To keep up with the best in Korean film you can sign up to our RSS Feed, like us on Facebook, or follow us on Twitter.

Saturday, March 24, 2012

The Yellow Sea (황해, Hwang-hae) 2010

Since the days of the New Korean Wave of the late 80s and early 90s men in Korean cinema have frequently found themselves on the road in search of answers, a home and their identity.  In contemporary Korean cinema male characters are for the most part much more comfortably settled within the progressive society of modern Korea and yet their philosophical dilemmas still simmer under the surface, refusing to go away.
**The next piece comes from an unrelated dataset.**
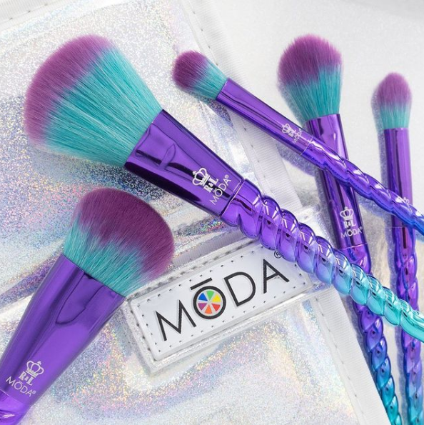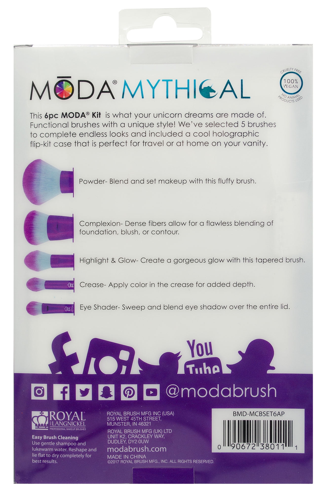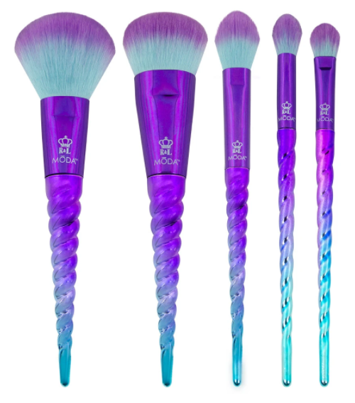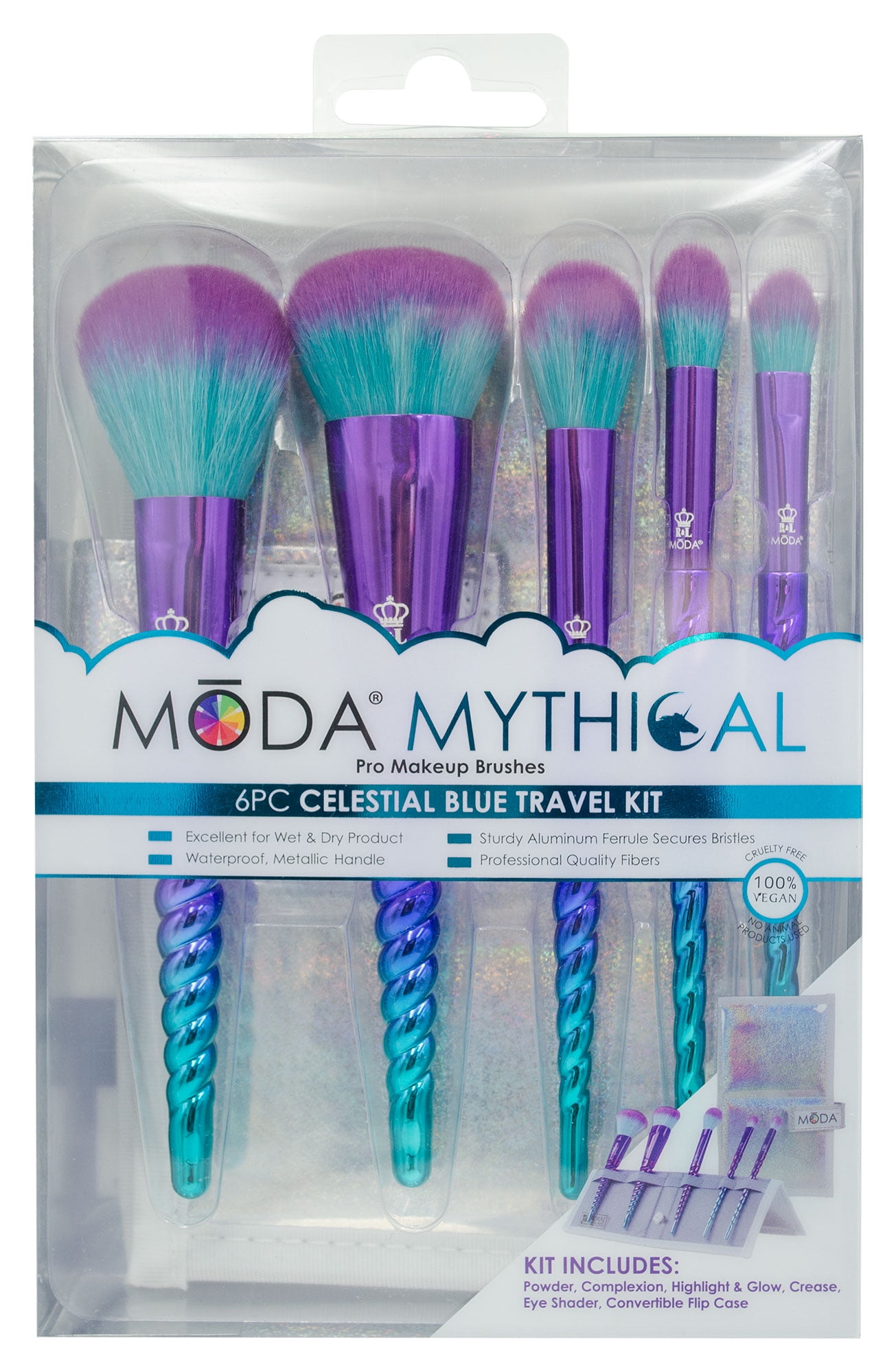Moda Mythical Celestial Blue Travel Sized Full Face 6pc Makeup Brush Set is what unicorn dreams are made of – functional brushes with a unique style! We’ve selected 5 two toned brushes to complete endless looks. It also includes a flip case that is perfect for taking your beauty on the road! Moda Brushes combine vibrant, fun brush styles for a beautifully bold look.

Four years ago, Na Hong-jin burst onto the scene with one of the most remarkable debuts in modern times.  The Chaser was an under-the-radar genre effort from a rookie director with two mid-level stars, and yet it became one of the highest grossing films of the year and along with The Good, the Bad and the Weird was also one of Korea’s most popular exports.  Today, in the spring of 2012, Na and his two stars Kim Yun-seok and Ha Jung-woo are among the heavyweights of the Korean film industry.  Kim’s last five films have all attracted well over 2 million admissions; in fact most of them have soared over the 5 million mark (The Chaser; Woochi, 2009; Punch, 2011), a enormous benchmark in the Korean industry that few films have reached.  The charismatic Ha is now one of the country’s top leading men, indeed two of his films topped the box office last month alone (Nameless Gangster, Love Fiction).

For Na’s sophomore feature, the gang got back together again and delivered another worldwide hit in The Yellow Sea, originally released in Korea in December 2010 and presented internationally at the Cannes Film Festival in May 2011.  Just like his first film, Na’s follow up is firmly rooted in genre but disassembles and reconstructs it to further his own ends.  Beginning as an ominous rumble in the distance, the film accelerates to the point that it becomes a heart-pumping descent into despair. 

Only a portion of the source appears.